On millions streaming the song:
“I don’t keep a tab honestly because I am not much into the number game. I am not obsessed with how many likes or followers I have on Instagram or Facebook … On a side note, I see many youngsters getting depressed if they don’t hit the million followers mark. It’s worrying. I don’t seek validation from followers, but I get a lot of validation from my fans and supporters who write to me.”
Bollywood being hostile to outsiders:
“I don’t have a straightforward answer to that because I have seen outsiders who are doing pretty well right now. Perhaps, that can be attributed to the power of social media. I have found that Bollywood is very welcoming towards talents with a huge amount of followers on social media … I am not saying that they don’t look at talent, but having an army of followers matters. Packaging matters and sometimes talent can be overlooked … Fortunately, I haven’t experienced hostility.
"But what irks me is the lack of professionalism … I was speaking to a fellow singer recent and he was talking about how disturbing it can get … There’s a well-renowned music director who records the same song with 10 singers … In the end, he just listens to those 10 singers and says which voice does it for him and which doesn’t. It’s very disheartening because each singer goes in thinking that his or her voice is going to be on that big-budget Bollywood blockbuster. They don’t even get a call on whether their song will be used for the film or not.”

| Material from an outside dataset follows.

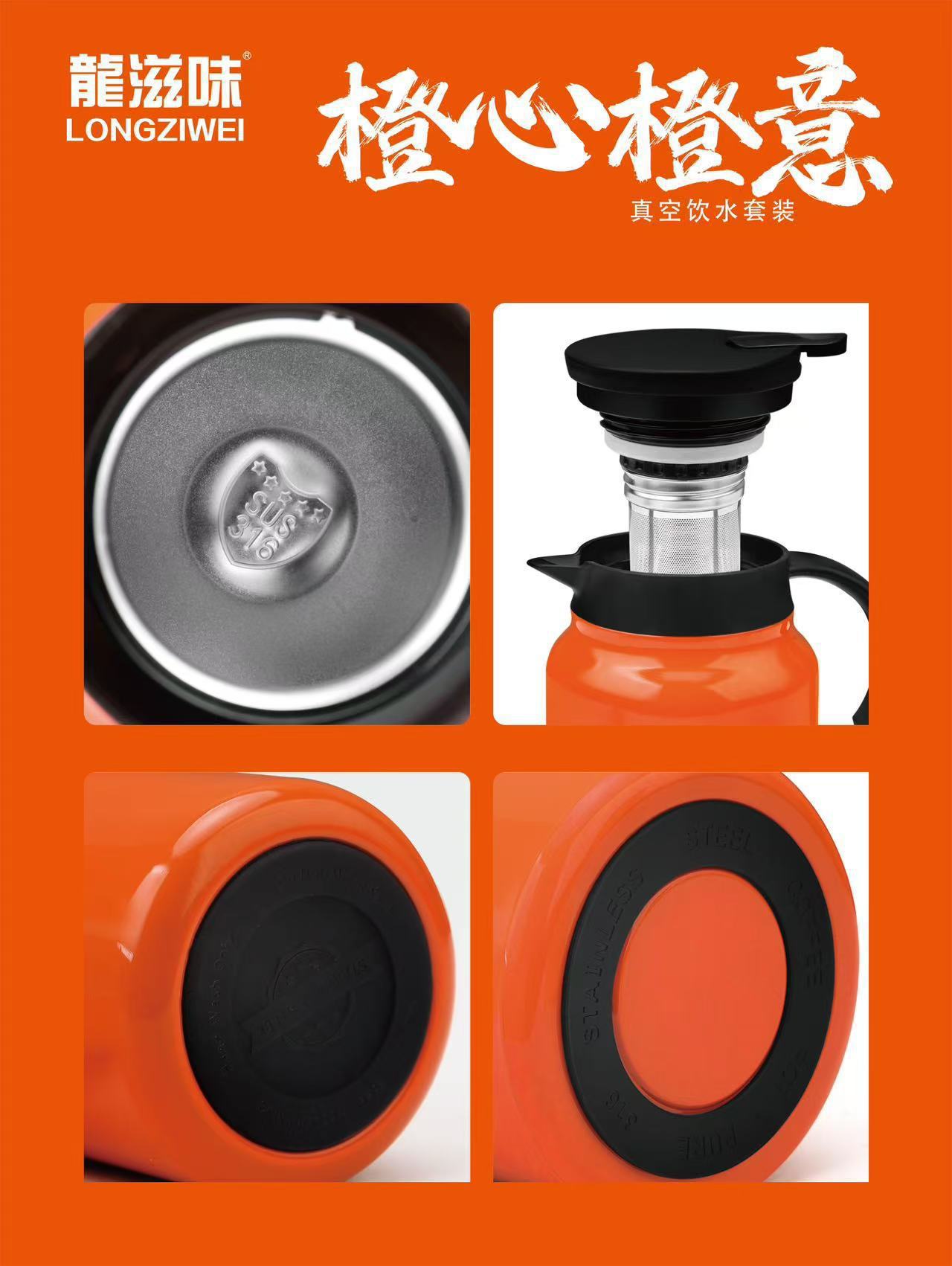 Shishi Ruyi カップとポットセット 316 ステンレス鋼真空飲料水旅行シチューポット柿缶セットロゴカスタマイズ

“I don’t mind rejection because with rejection you grow if you look at it objectively. But what irks me is the lack of professionalism and communication … I am not sure if I will handle that. I come from a working culture where the level of professionalism is on a whole new level … Many songs of Indian singers are being played on millions of radio stations but the artist cannot show a single penny for it.”
Her biggest mentor:
“Sonu Nigam ji. A few years ago, he came across my work and shared my original song ‘Rasiya’. I remember sending him an email about it, without expecting a reply from him. But he sent back a detailed response on what he loved about the song. The next day, I woke up to him sharing that song on his [Facebook] page, and then he even called me to perform with him on his tour to the US. He’s been a constant mentor and even now if I have a question about music, I send him voice notes.”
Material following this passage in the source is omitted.